An NLP Text Generation Project borne out of the #60DaysOfUdacity Challenge during Facebook's Secure and Private AI Scholarship.
Sixty is a text generation AI trained on a text corpus of extracted messages from the Udacity's Slark Archive Channel called 60 Days of Udacity during the Facebook's Secure and Private AI Scholarship. As part of the #60DaysOfUdacity challenge, participants had to update their progress in the challenge course daily in the slack channel for 60 days at a stretch. Hence, the text generated by Sixty closely resembles the updates people were posting in the channel.
Sixty harnesses the power of OpenAI's GPT-2 model to generate text. Specifically, their smallest version called 117M. However, raw GPT-2 117M was not used for the task as the original model lacks the 'Finetuning' capability. Instead, a fork of GPT-2 by Max Woolf called gpt-2-simple was used.

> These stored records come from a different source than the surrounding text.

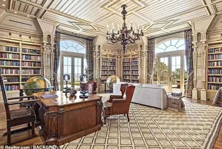 主体建筑一共三层,共有4间卧室、1个客厅、1个图书馆和1个厨房,内部装修富丽堂皇。
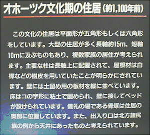 ている。この文化の起源、社会生活、民族については不明な点が多く、謎の民族とされている。この常呂遺跡では、この文
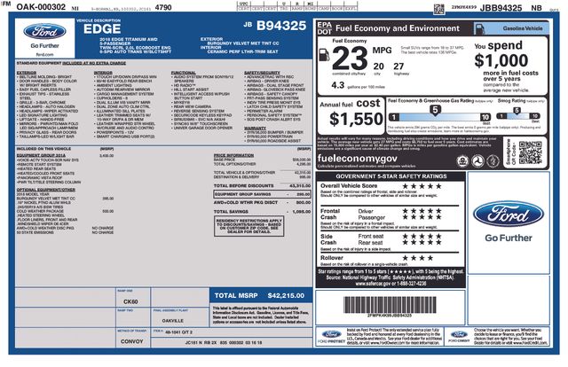 Equipped with the powerful EcoBoost 2.0L I4 engine and 6-speed automatic transmission, this Edge Titanium delivers an exceptional driving experience with 20 city and 27 highway mpg. The all-wheel-drive system ensures confident handling in all weather conditions, while the premium features elevate your daily commute or weekend adventures.
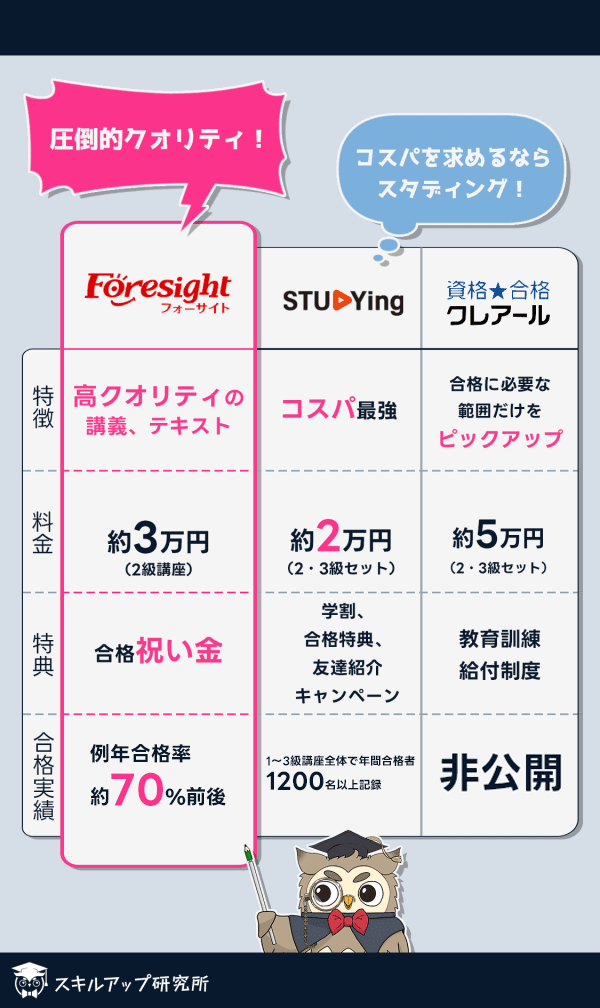 一方、できるだけ費用を抑えたい方には「スタディング」がおすすめです。

This repository is structured in a rather unorthodox manner, not following the usual folder naming conventions. Instead, the folders are named and numbered in a sequential fashion informing anyone where to look at first, starting from the first folder.
The last two folders in this repository contain notebooks that lay out a straightforward template to train the GPT-2 on any text corpus. You simply need to plug-in the text corpus (can be a csv or text file), and the gpt-2-simple
library takes care of everything else. Read the markdowns and the comments in the notebook to know more.

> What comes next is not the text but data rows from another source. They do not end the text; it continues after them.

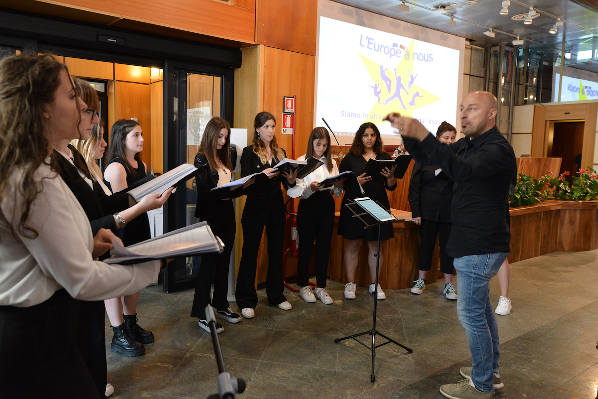 Alcuni brani musicali, tra cui l’Inno alla Gioia di Beethoven, Inno ufficiale dell’Unione europea, interpretati dagli studenti del Liceo musicale di Aosta, hanno accompagnato l’evento moderato dalla giornalista Martina Praz.
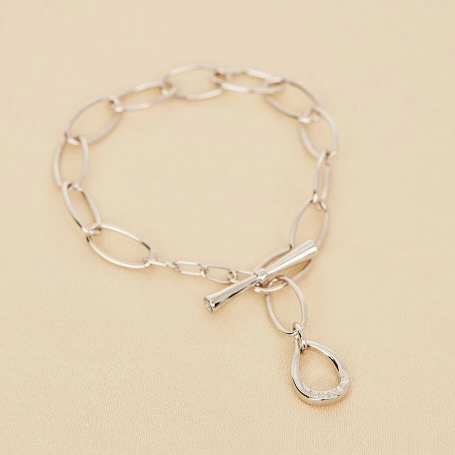 Bracelet souple, en laiton rhodié, composé de maillons ovales allongés
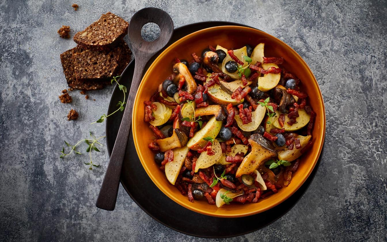 Dieses Pilzgericht kombiniert aromatische Waldpilze mit karamellisierten Schalotten, fruchtigen Äpfeln und knusprigem Bacon – perfekt als warme Vorspeise oder herbstliches Hauptgericht. Schnell gemacht und voller Geschmack!

Some example text generated by Sixty,
- day 2 - completed till deep learning with pytorch section 4 - completed 2 more steps and coded a second image recognition and classification notebook - continuing the deep learning with differential privacy lesson :female-student:
- day 9 of #60daysofudacity: - restarted the deep learning with pytorch course. - continued reading chapter 2 of the book "the algorithmic foundations of differential privacy" (i read it twice) - followed the suggested reading by google cloud, i was able to make some progress. i have already started with the intro to dl with pytorch course. i will continue tomorrow. - read "the algorithmic foundations of differential privacy" (i almost finished it!) - read "chapter 1: the promise of differential privacy" by cynthia dwork
- day 10: 1. i updated my #60daysofudacity project in github: 2. i finished lesson 6.6 and started working on the final project 6.7 which is going to be implemented using pytorch.
- day 11 :torch_heart_big: :torch_heart_big: day 10: completed lesson 6: differential privacy for deep learning :torch_heart_big:
In the examples above, notice the text styling as well as the insertion of emojis (:text between colons:) done by Sixty on its own. Sixty has even learned to use the proper hashtags!